- EXERCISE DESCRIPTION
For this exercise, write out only the lines of the entries below from the one with "Diameter 6/6/8/20/35/50/68mm, Diamond" up to and including the one with "2.1.3樣品的測定卷煙非揮", exactly as they are. Pictures stay out.

- RECORDS FOR THIS TASK
....

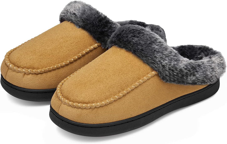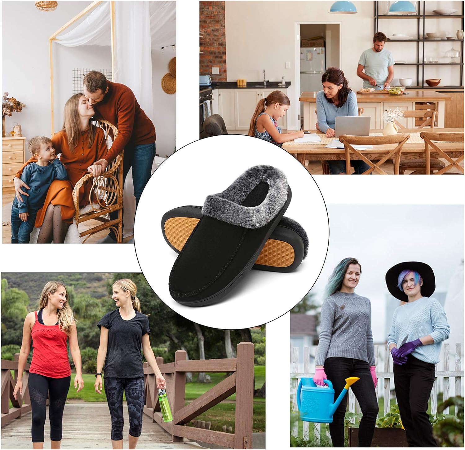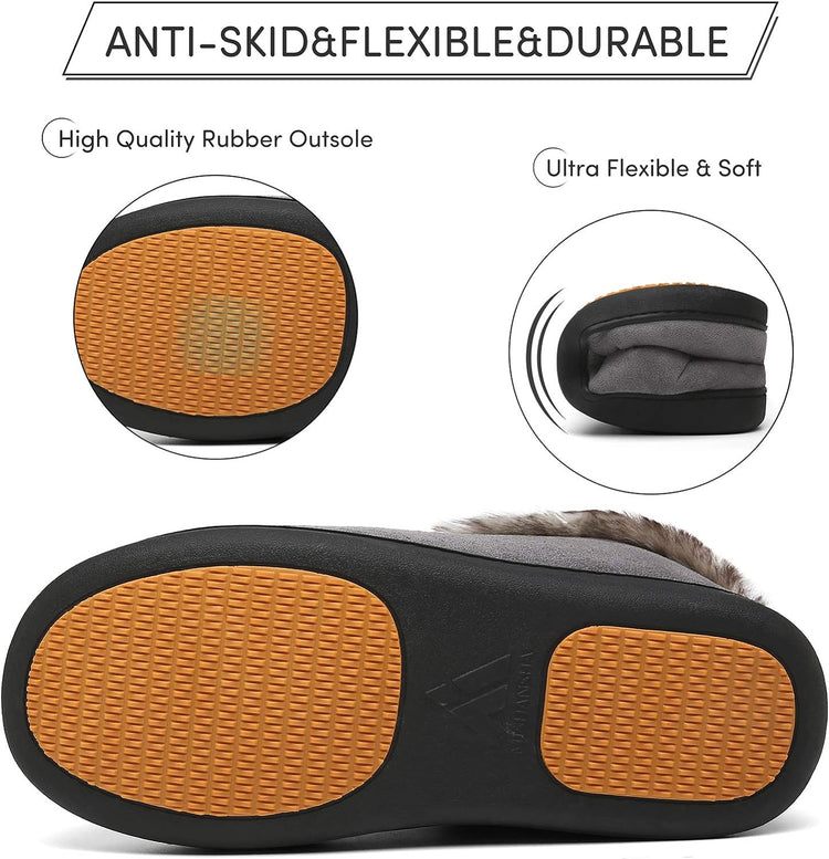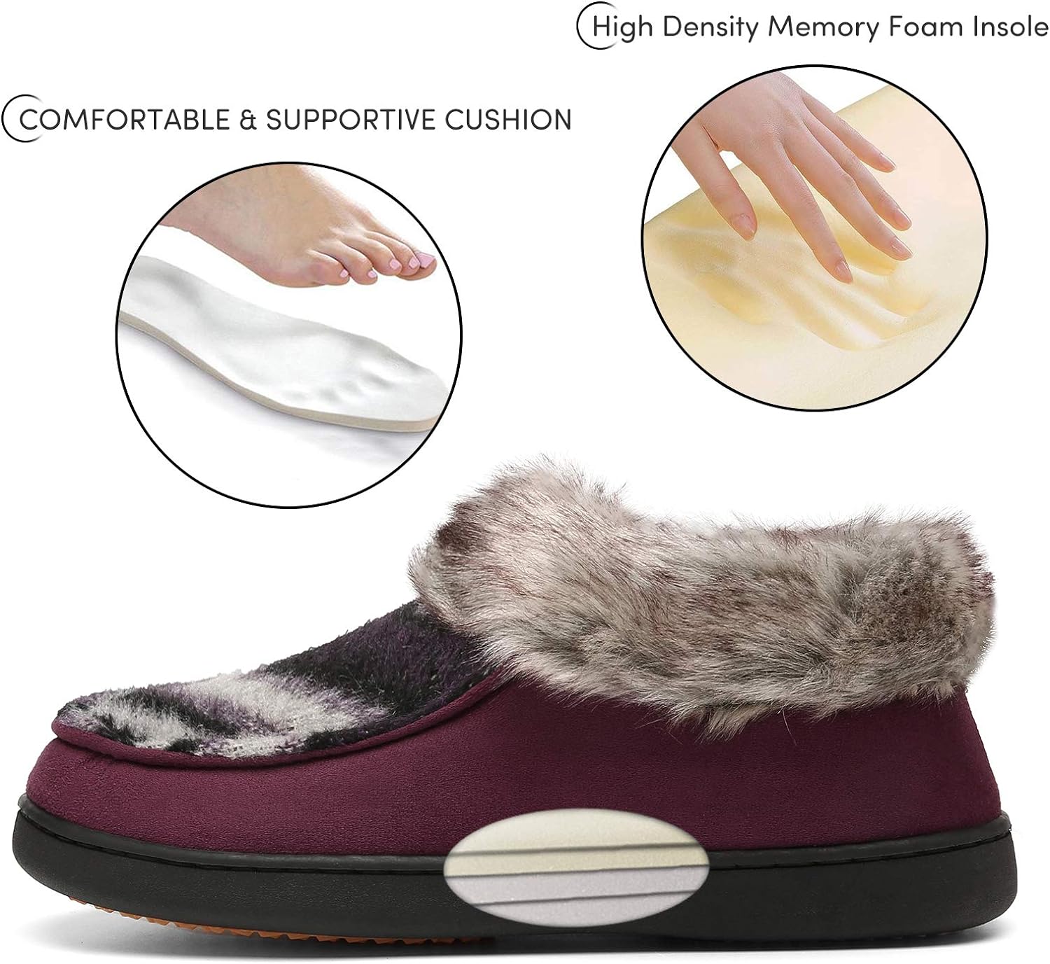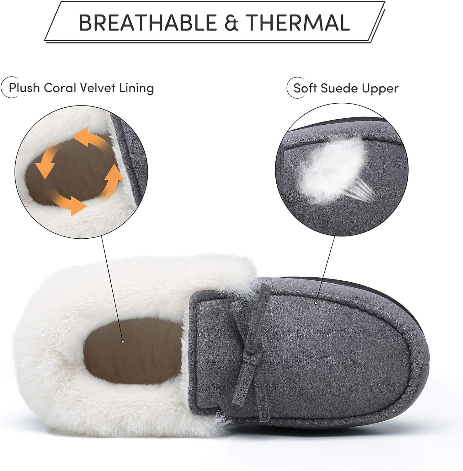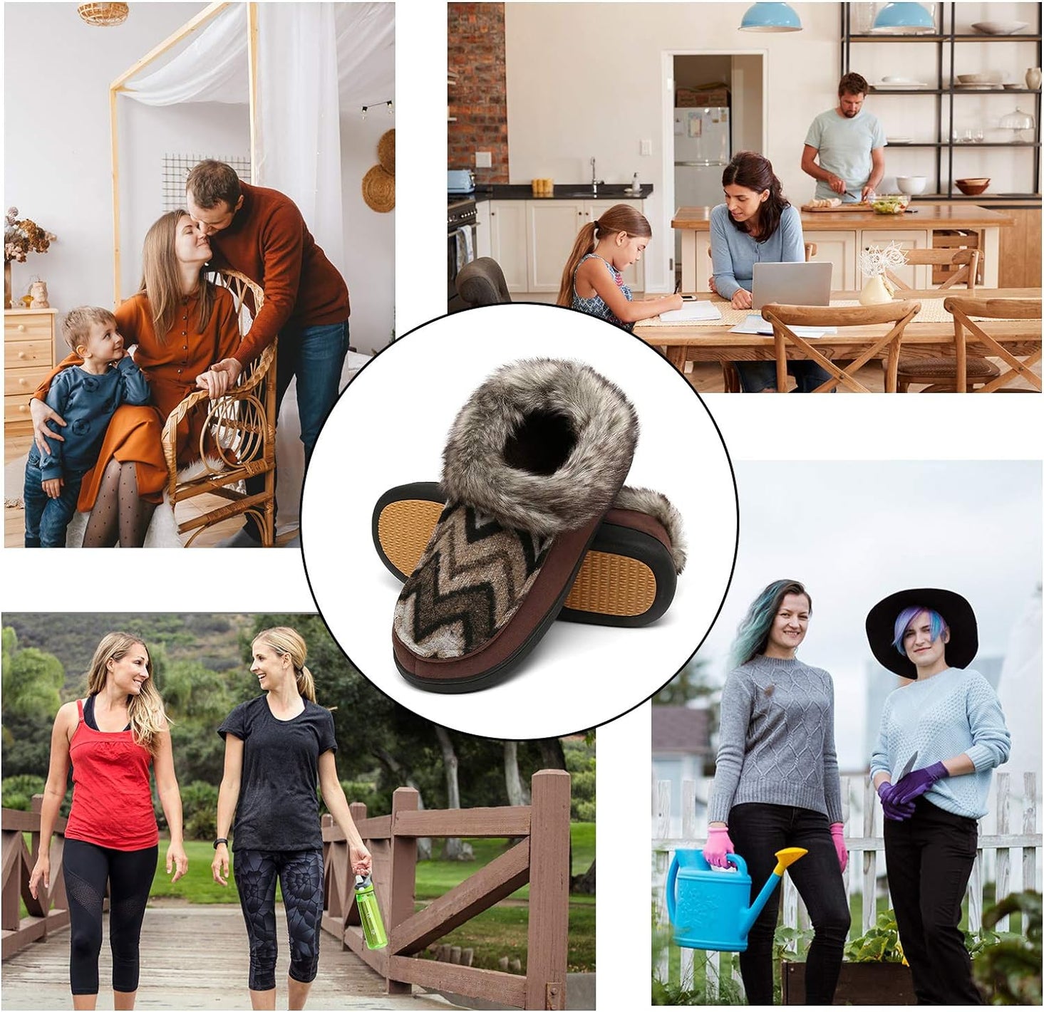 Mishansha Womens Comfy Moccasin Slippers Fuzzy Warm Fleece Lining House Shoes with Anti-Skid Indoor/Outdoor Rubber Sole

....

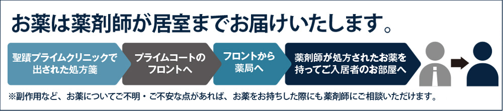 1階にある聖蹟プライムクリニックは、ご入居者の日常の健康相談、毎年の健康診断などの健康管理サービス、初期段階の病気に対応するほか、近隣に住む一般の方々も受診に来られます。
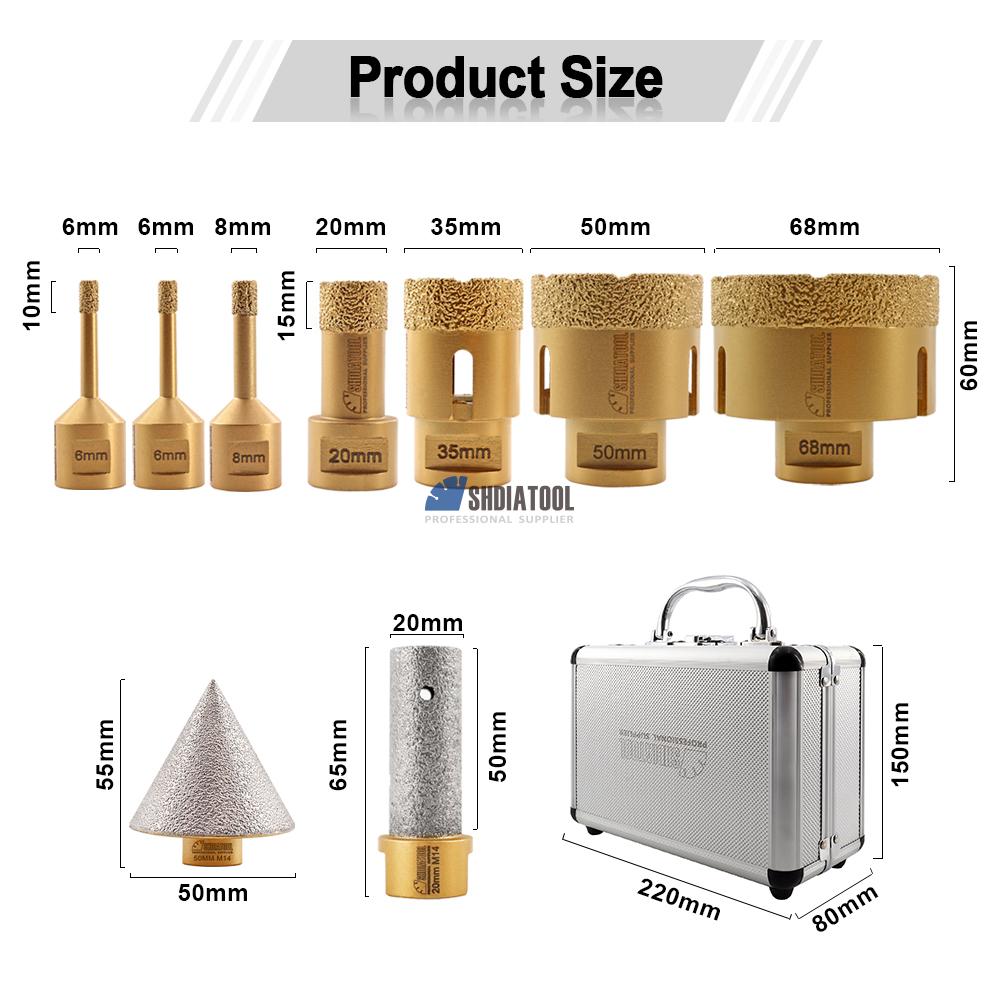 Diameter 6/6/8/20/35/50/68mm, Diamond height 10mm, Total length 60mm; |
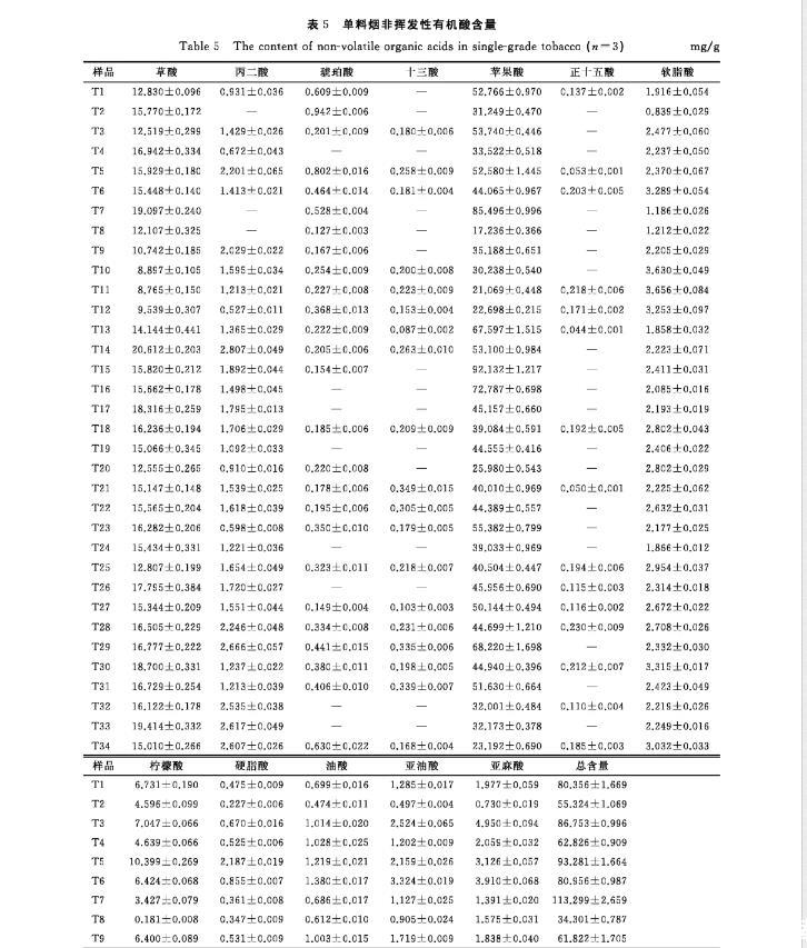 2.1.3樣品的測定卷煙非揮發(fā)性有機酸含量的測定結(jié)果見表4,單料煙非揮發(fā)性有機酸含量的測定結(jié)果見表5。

....

- WRITTEN ANSWER
 Diameter 6/6/8/20/35/50/68mm, Diamond height 10mm, Total length 60mm; |
 2.1.3樣品的測定卷煙非揮發(fā)性有機酸含量的測定結(jié)果見表4,單料煙非揮發(fā)性有機酸含量的測定結(jié)果見表5。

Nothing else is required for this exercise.